= Problem description =
Omitting the pictures, print every line below exactly as it stands.

= Exercise data =
____

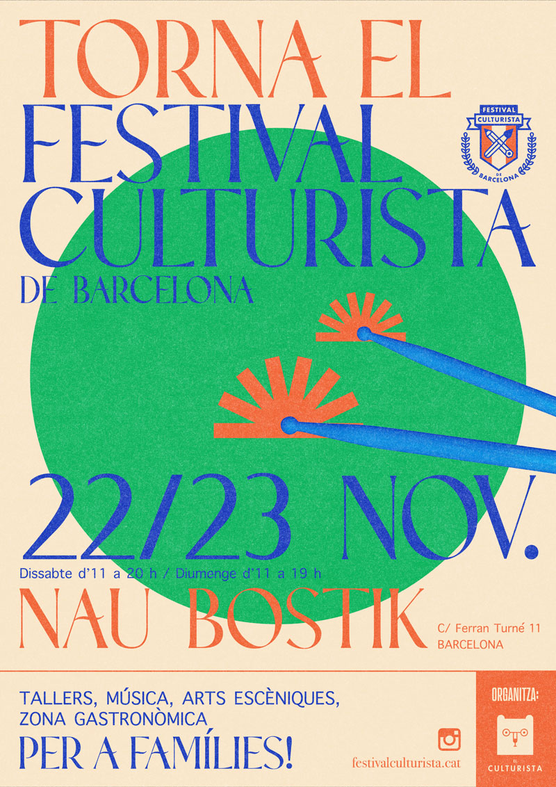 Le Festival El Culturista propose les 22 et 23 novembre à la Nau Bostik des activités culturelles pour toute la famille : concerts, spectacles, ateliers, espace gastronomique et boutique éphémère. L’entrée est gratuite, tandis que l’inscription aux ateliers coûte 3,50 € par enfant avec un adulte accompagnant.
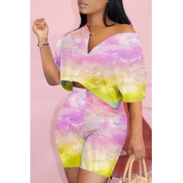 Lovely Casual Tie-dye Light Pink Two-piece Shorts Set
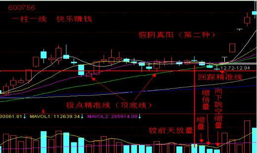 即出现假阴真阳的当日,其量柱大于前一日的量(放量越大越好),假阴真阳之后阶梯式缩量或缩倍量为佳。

____

= Exercise solution =
 Le Festival El Culturista propose les 22 et 23 novembre à la Nau Bostik des activités culturelles pour toute la famille : concerts, spectacles, ateliers, espace gastronomique et boutique éphémère. L’entrée est gratuite, tandis que l’inscription aux ateliers coûte 3,50 € par enfant avec un adulte accompagnant.
 Lovely Casual Tie-dye Light Pink Two-piece Shorts Set
 即出现假阴真阳的当日,其量柱大于前一日的量(放量越大越好),假阴真阳之后阶梯式缩量或缩倍量为佳。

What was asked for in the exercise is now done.